▶ [TO DO]: Leaving out the pictures, write out exactly each line from the line with "ass babe babecock" through the close of the listing below.

━━━ DATA ━━━

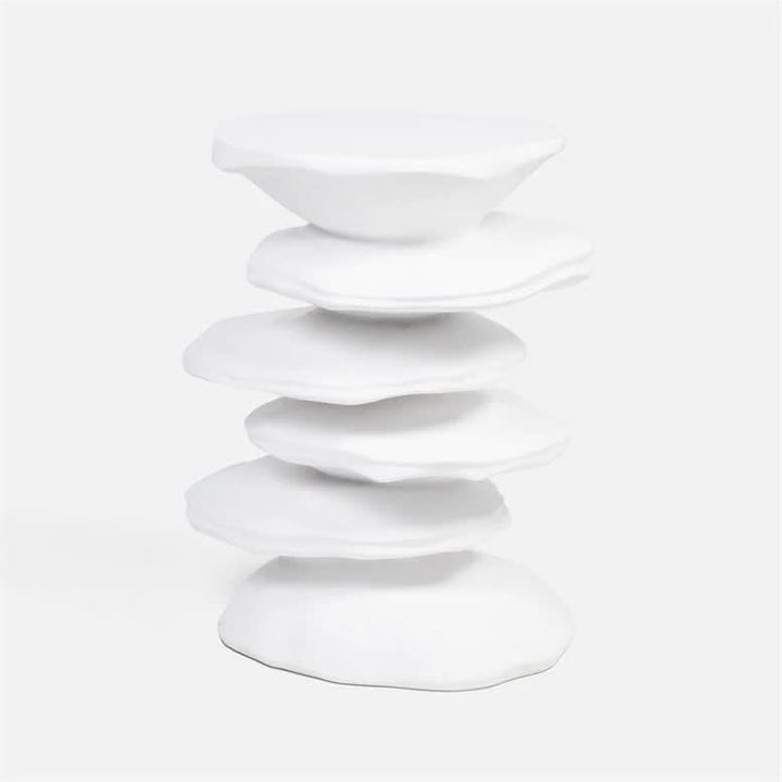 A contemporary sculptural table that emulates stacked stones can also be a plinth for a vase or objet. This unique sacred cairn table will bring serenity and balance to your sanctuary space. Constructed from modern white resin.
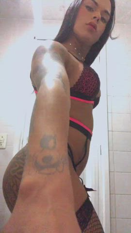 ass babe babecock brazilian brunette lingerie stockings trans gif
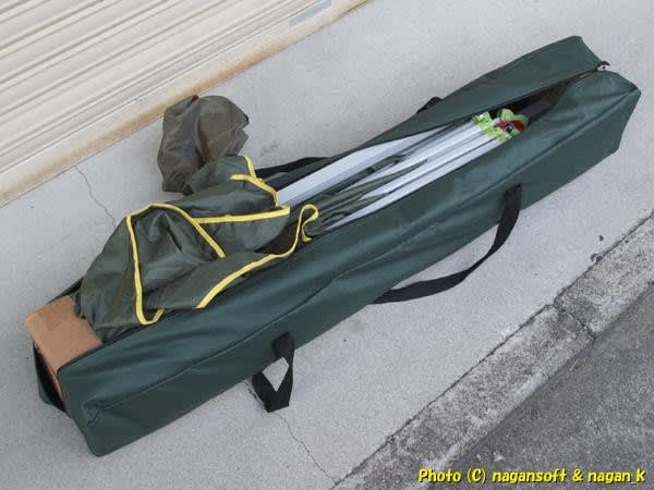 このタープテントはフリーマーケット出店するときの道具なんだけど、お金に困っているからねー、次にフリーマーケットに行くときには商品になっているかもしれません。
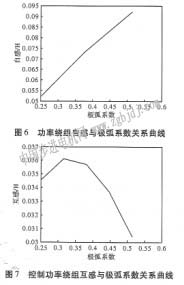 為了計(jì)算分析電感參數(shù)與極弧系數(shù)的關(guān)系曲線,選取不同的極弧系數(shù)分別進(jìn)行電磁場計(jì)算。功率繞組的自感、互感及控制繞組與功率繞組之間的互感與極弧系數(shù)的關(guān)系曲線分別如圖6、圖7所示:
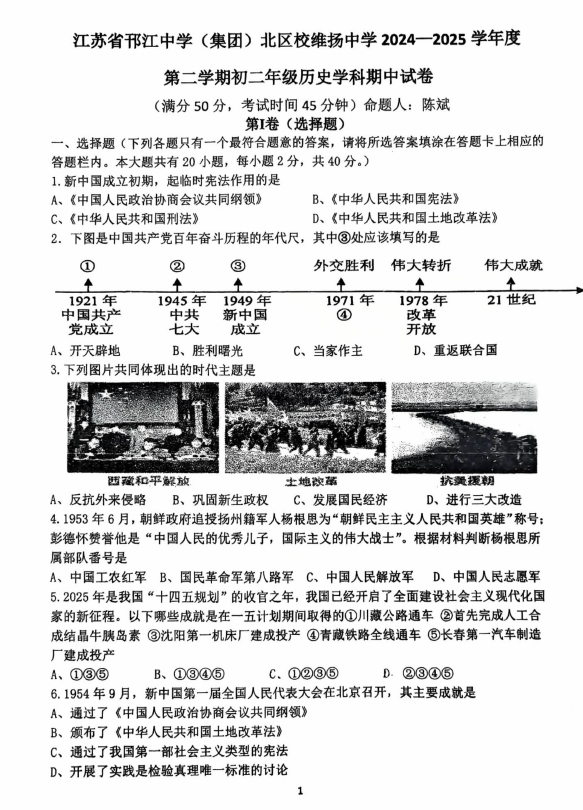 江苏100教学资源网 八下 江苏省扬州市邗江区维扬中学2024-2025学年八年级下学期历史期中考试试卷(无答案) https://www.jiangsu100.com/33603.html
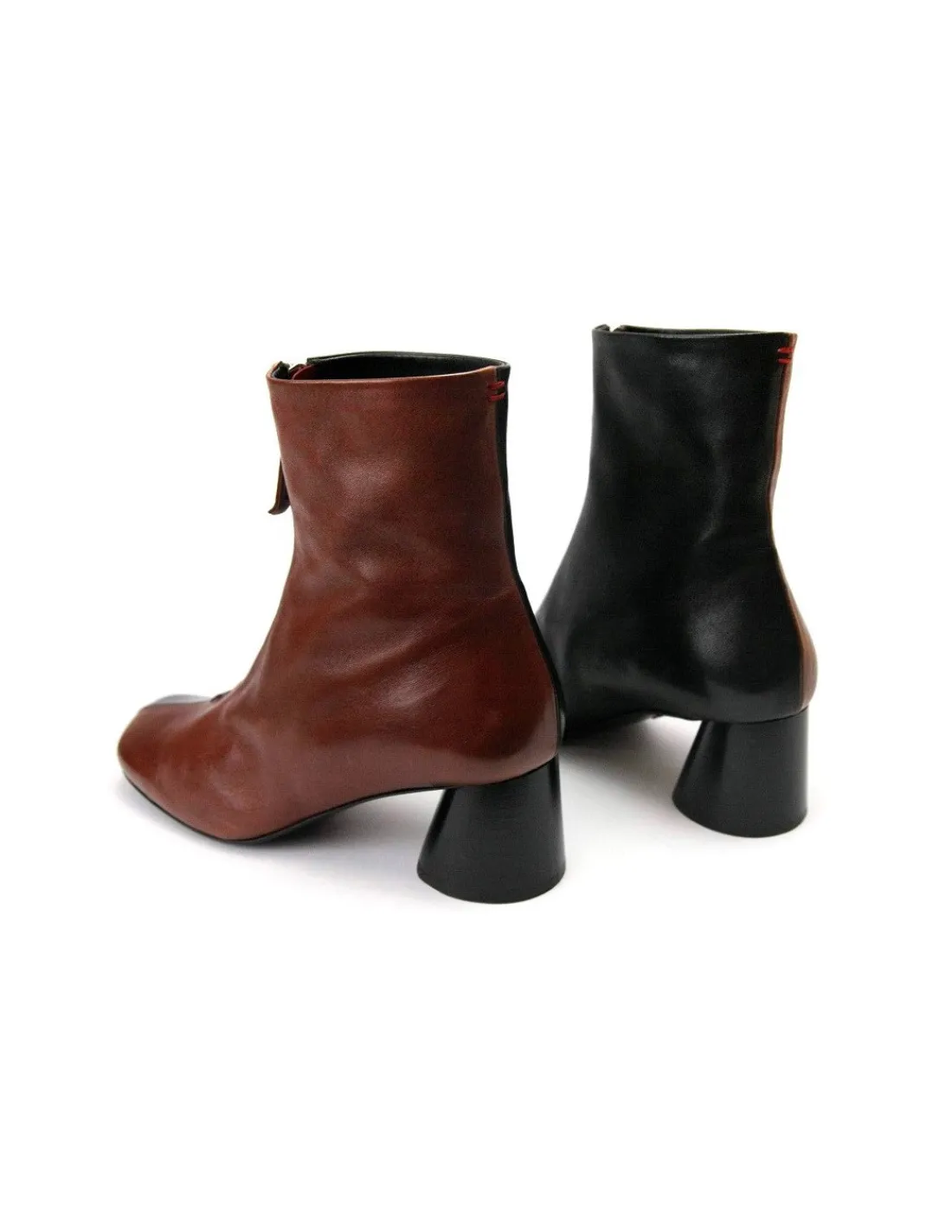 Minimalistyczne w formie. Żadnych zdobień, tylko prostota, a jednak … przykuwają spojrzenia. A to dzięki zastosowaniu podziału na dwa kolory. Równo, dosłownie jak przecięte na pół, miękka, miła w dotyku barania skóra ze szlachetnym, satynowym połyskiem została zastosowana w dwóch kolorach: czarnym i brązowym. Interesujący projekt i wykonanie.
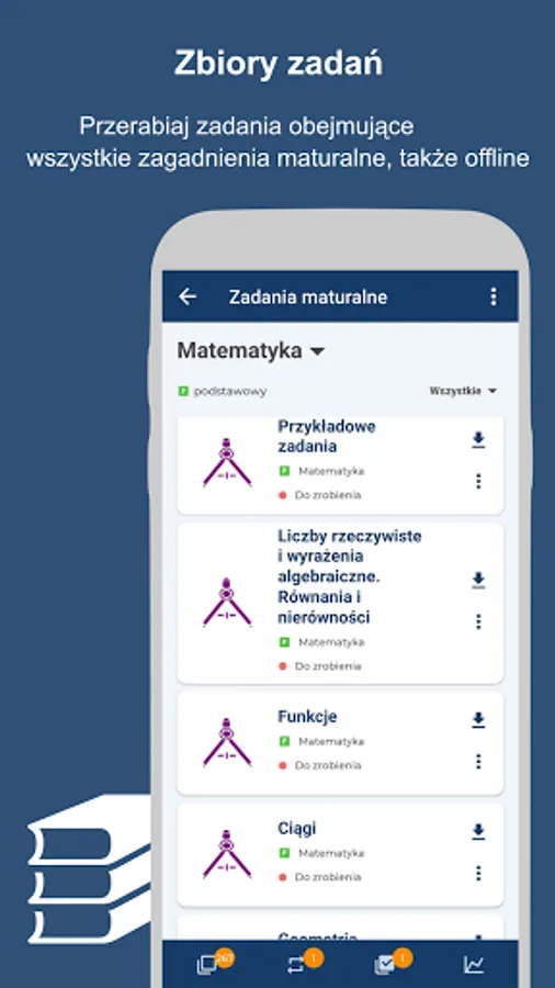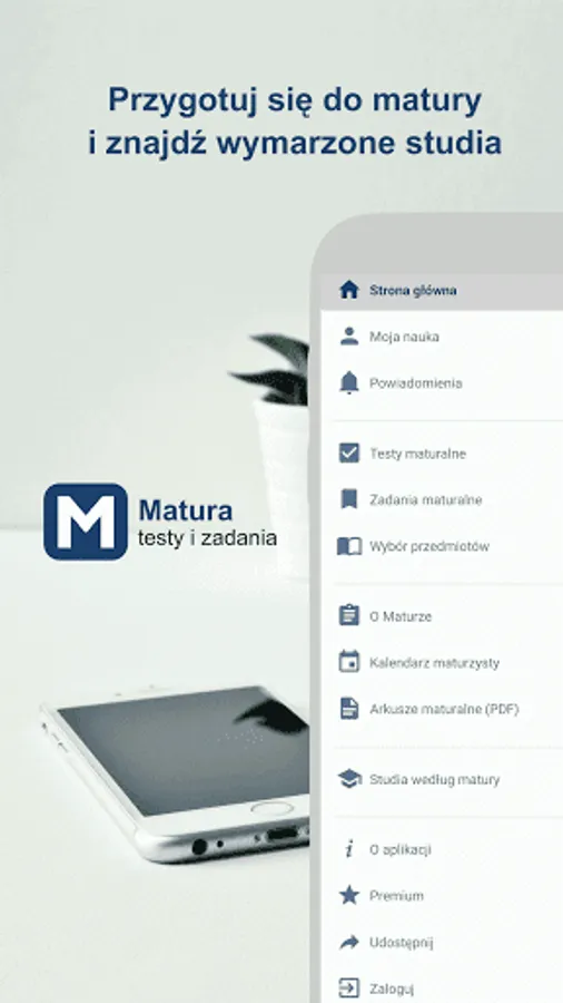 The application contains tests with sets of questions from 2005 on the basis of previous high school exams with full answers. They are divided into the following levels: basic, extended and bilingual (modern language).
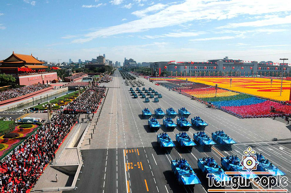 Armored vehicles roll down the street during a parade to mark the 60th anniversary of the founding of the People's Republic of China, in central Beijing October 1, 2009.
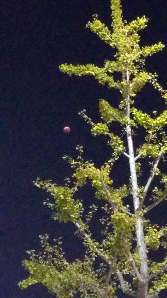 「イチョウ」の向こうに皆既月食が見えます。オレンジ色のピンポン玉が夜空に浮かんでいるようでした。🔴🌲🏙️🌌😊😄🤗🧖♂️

━━━

▶ [RESPONSE TO THE EXERCISE]:
 ass babe babecock brazilian brunette lingerie stockings trans gif
 このタープテントはフリーマーケット出店するときの道具なんだけど、お金に困っているからねー、次にフリーマーケットに行くときには商品になっているかもしれません。
 為了計(jì)算分析電感參數(shù)與極弧系數(shù)的關(guān)系曲線,選取不同的極弧系數(shù)分別進(jìn)行電磁場計(jì)算。功率繞組的自感、互感及控制繞組與功率繞組之間的互感與極弧系數(shù)的關(guān)系曲線分別如圖6、圖7所示:
 江苏100教学资源网 八下 江苏省扬州市邗江区维扬中学2024-2025学年八年级下学期历史期中考试试卷(无答案) https://www.jiangsu100.com/33603.html
 Minimalistyczne w formie. Żadnych zdobień, tylko prostota, a jednak … przykuwają spojrzenia. A to dzięki zastosowaniu podziału na dwa kolory. Równo, dosłownie jak przecięte na pół, miękka, miła w dotyku barania skóra ze szlachetnym, satynowym połyskiem została zastosowana w dwóch kolorach: czarnym i brązowym. Interesujący projekt i wykonanie.
 The application contains tests with sets of questions from 2005 on the basis of previous high school exams with full answers. They are divided into the following levels: basic, extended and bilingual (modern language).
 Armored vehicles roll down the street during a parade to mark the 60th anniversary of the founding of the People's Republic of China, in central Beijing October 1, 2009.
 「イチョウ」の向こうに皆既月食が見えます。オレンジ色のピンポン玉が夜空に浮かんでいるようでした。🔴🌲🏙️🌌😊😄🤗🧖♂️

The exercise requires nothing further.